The practical implication the paper draws from these laws is a prescription for resource allocation. Given a fixed compute budget, the optimal strategy is not to train the largest model you can to convergence — it is to train a somewhat smaller model on substantially more data, stopping well before convergence. The authors derive a specific formula: compute-optimal training allocates roughly equal 'scaling weight' between parameters and tokens. This was a direct rebuttal to the implicit prior in the field, which had been to maximize parameter count and train until the loss stopped moving. The paper replaced an informal rule of thumb with a mathematical argument.
Key Facts
- The paper was posted to arXiv on January 23, 2020, before GPT-3 was published, making it a methodological foundation for that model's design.
- The authors fit power-law exponents across more than six orders of magnitude of compute, ranging from roughly 10^18 to 10^23 floating-point operations.
- The paper identifies a specific compute-optimal prescription: parameters N and training tokens D should scale in roughly equal proportion, with N scaling as C^0.73 and D as C^0.27.
- DeepMind's 2022 Chinchilla paper revised the compute-optimal token-to-parameter ratio upward by roughly 3–4x compared to the Kaplan et al. estimate, demonstrating that GPT-3 was substantially undertrained.
- The paper's framework was directly cited in the technical reports for GPT-4, LLaMA, and PaLM as the basis for their training compute allocation decisions.
Within the machine learning research community, the paper landed as a clarifying event rather than a controversy. By January 2020, practitioners already suspected that scale mattered; the success of GPT-2 in 2019 had made that intuition nearly universal. What the scaling laws paper provided was the quantitative skeleton that had been missing. The reaction from researchers was less 'we didn't know this' and more 'now we have the math.' It was immediately cited by teams at Google Brain, DeepMind, and in academic settings as a foundational reference — the paper that justified treating scale as a first-class experimental variable rather than a nuisance to be controlled.
The paper was not without critics, though the criticism came later and was more technical than philosophical. The core objection — crystallized most precisely in DeepMind's Chinchilla paper two years later — was that OpenAI had under-weighted the data scaling exponent relative to the parameter scaling exponent.
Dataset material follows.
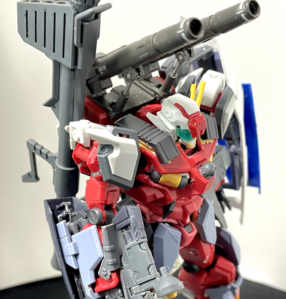 軽キャノンはGQガンダムより腕や脚が気持ち太くはなっていますが、ボディの大きさと比較するとボリューム不足に思えた為、デュエルブリッツのアーマー部分をミキシングしてマッシブになればいいなと作成開始しました。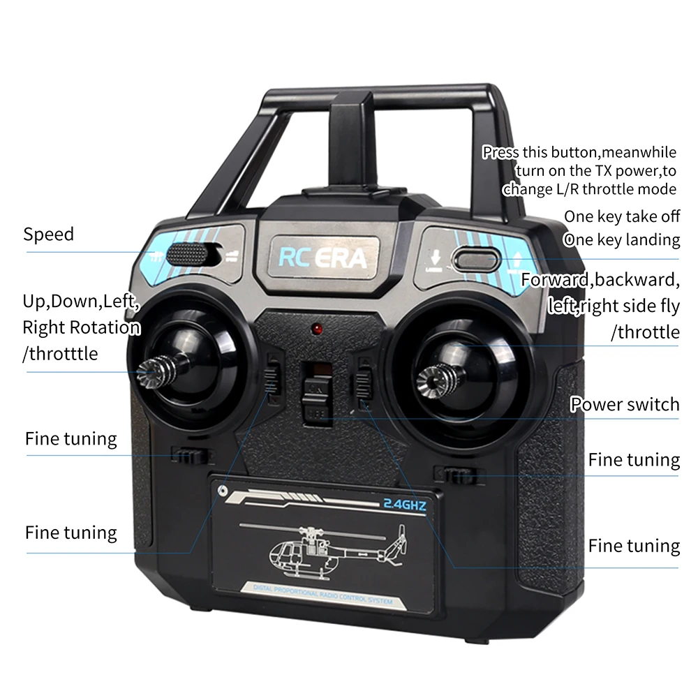 6 Low voltage alarm, locked rotor protection, out of control protection, large and small rudder conversion, one button takeoff, one button landing and other functions;

The Chinchilla authors argued that the compute-optimal frontier implied larger token budgets than Kaplan et al. had recommended, meaning OpenAI's own prescription left significant performance on the table. This did not invalidate the framework; it refined it. The existence of that follow-on paper is itself evidence of the original's centrality: you only need to correct work that everyone is already using.
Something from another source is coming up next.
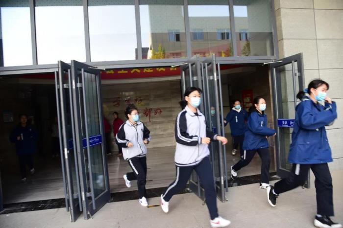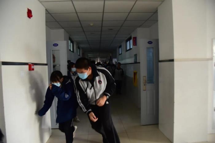 同学们按照指定路线进行疏散

The most direct downstream artifact is DeepMind's Chinchilla (Hoffmann et al., 2022), which used the same power-law framework to refit the optimal compute allocation and concluded that GPT-3 was significantly undertrained relative to its parameter count. Chinchilla's 70 billion parameter model matched or exceeded GPT-3's 175 billion parameter model on most benchmarks — a result that would have been nonsensical without the scaling laws framework to explain it. Every 'compute-optimal' model released after 2022, including Meta's LLaMA series and Mistral's releases, is explicitly sized according to Chinchilla-adjusted scaling intuitions that trace directly back to Kaplan et al.'s methodology.
Beyond specific models, the paper changed how AI investment is structured. Venture capital and hyperscaler compute commitments made after 2020 — including Microsoft's multibillion-dollar Azure commitments to OpenAI — were underwritten in part by the argument that returns on compute investment are predictable and continuous. The scaling laws paper is the closest thing the AI industry has to a prospectus for that investment thesis. It also seeded the 'emergent abilities' research program: if performance scales predictably in aggregate, researchers began asking what happens at specific capability thresholds, leading directly to Wei et al.'s 2022 work on emergent abilities in large language models.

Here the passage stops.